Yet another always true assert which is happily optimized out by the
compiler.

> +	wait(NULL);
> +	pthread_barrier_destroy(&barrier);
> +
> +	ksft_test_result_pass("%s\n", __func__);
> +}

> +static int child_wait_lock(void *arg)
> +{
> +	struct lock_struct *lock = (struct lock_struct *) arg;
> +	struct robust_list_head head;
> +	int ret;
> +
> +	pthread_barrier_wait(&barrier2);
> +	ret = mutex_lock(lock, &head, false);
> +
> +	if (ret)
> +		ksft_test_result_fail("mutex_lock error\n");
> +
> +	if (!(lock->futex | FUTEX_OWNER_DIED))
> +		ksft_test_result_fail("futex not marked with FUTEX_OWNER_DIED\n");

Now I kinda understand this insanity. The child emits a fail and
exits.
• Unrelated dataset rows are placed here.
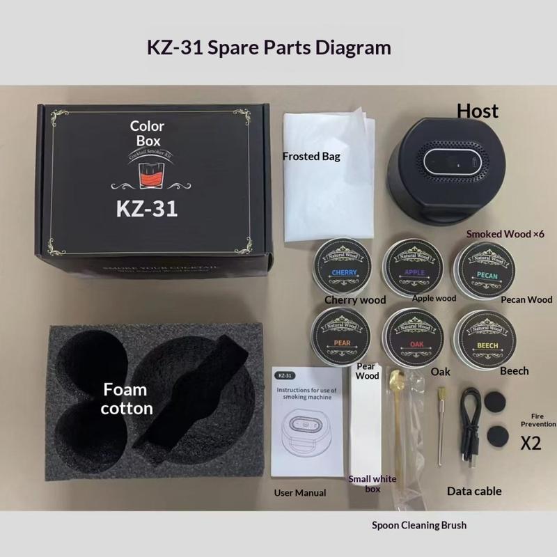 El KZ-31 ofrece una forma sencilla de crear bebidas ahumadas de primera calidad con resultados consistentes y fácil manejo. Con múltiples sabores de virutas de madera, un diseño recargable y un completo set de accesorios, es una excelente opción para cualquiera que quiera una experiencia profesional de coctelería en casa.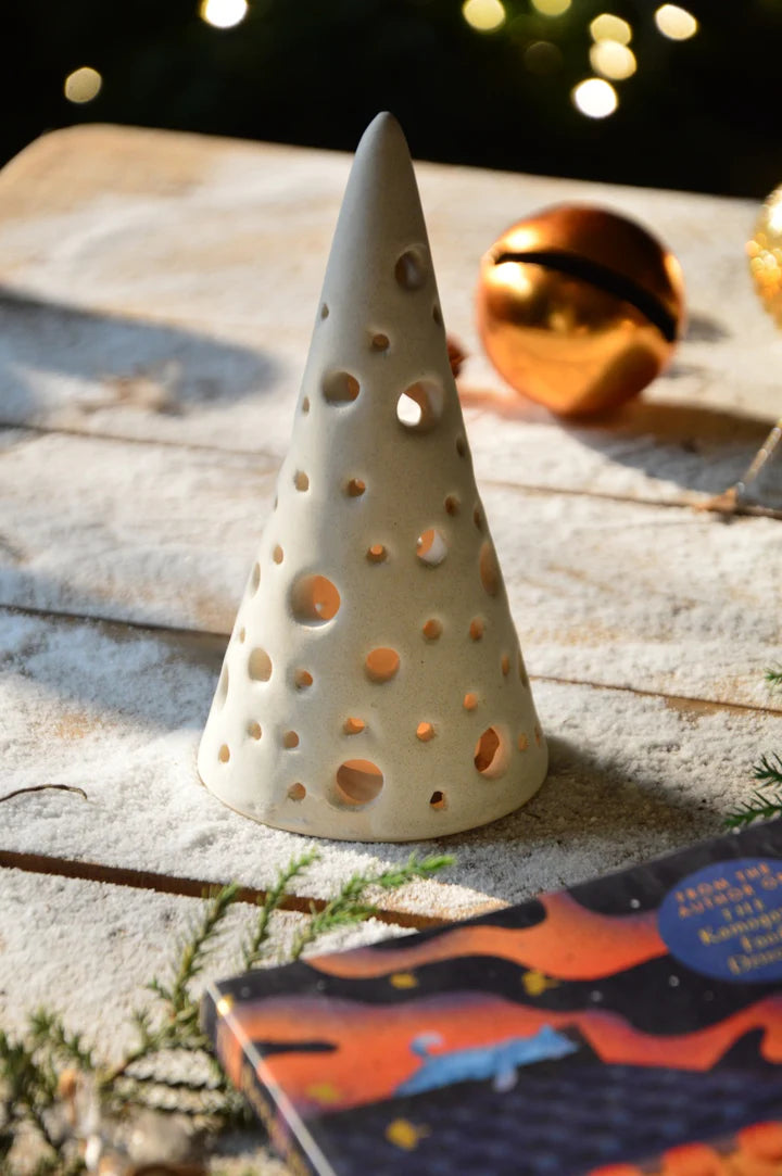 Ceramic Christmas tree t light holder, a bundle of silver shimmer candles, a wooden log holder and a handknit snowman ornament in a cozy woolen bucket bag that jingles
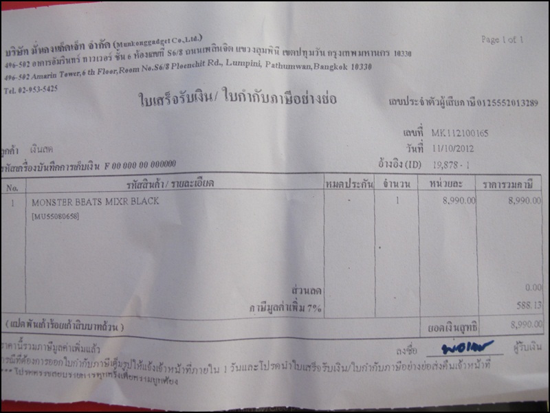 ด้านบนกล่อง หมายเลยตรงกับใบเสร็จ MU55080658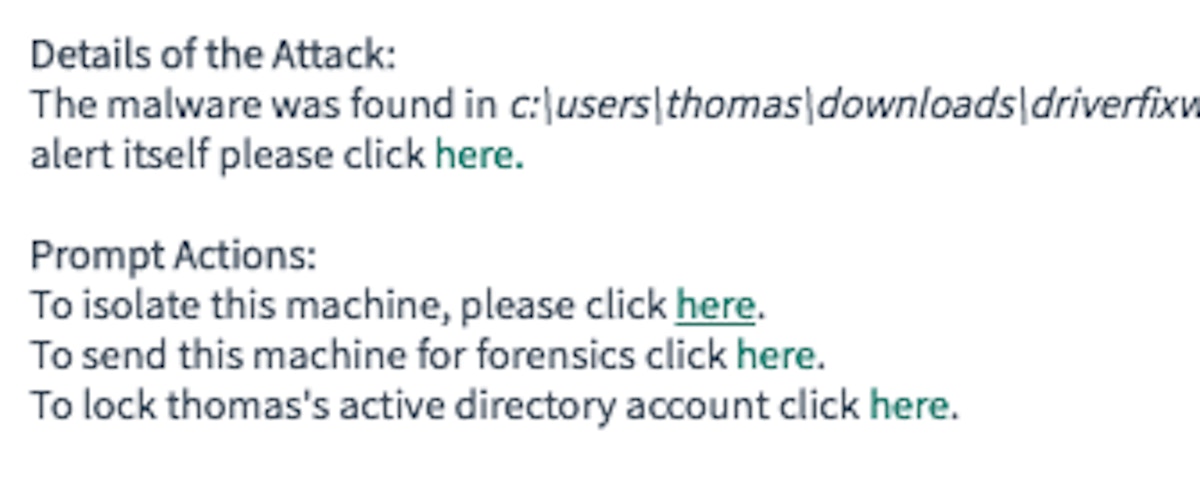 With Tines’ “Prompts” feature we enable responders to automatically take an action in any workflow by simply clicking a link. These Prompts can be launched from anywhere, for example in an incident ticket, in a text or email, in Slack, etc. They allow analysts to take the next step in an investigation without opening up different tools, contacting other teams, or leaving their environment. When a responder clicks a “Prompt” this re-releases an event in Tines and sends it down a new remediation workflow. These prompts super-charge analysts' responses.

Then the parent ...

> +	for (i = 0; i < CHILD_NR; i++)
> +		create_child(&child_wait_lock, &locks[i]);
> +
> +	/* Wait for all children to return */
> +	while (wait(NULL) > 0);
> +
> +	pthread_barrier_destroy(&barrier);
> +	pthread_barrier_destroy(&barrier2);
> +
> +	ksft_test_result_pass("%s\n", __func__);

... happily claims that the test passed.

Seriously?

Thread functions have a return value for a reason and wait(2) has a
wstatus argument for the very same reason.

> +static int child_circular_list(void *arg)
> +{
> +	static struct robust_list_head head;
> +	struct lock_struct a, b, c;
> +	int ret;
> +
> +	ret = set_list(&head);
> +	if (ret)
> +		ksft_test_result_fail("set_list error\n");

Yet another instance of the same ....

Thanks,

        tglx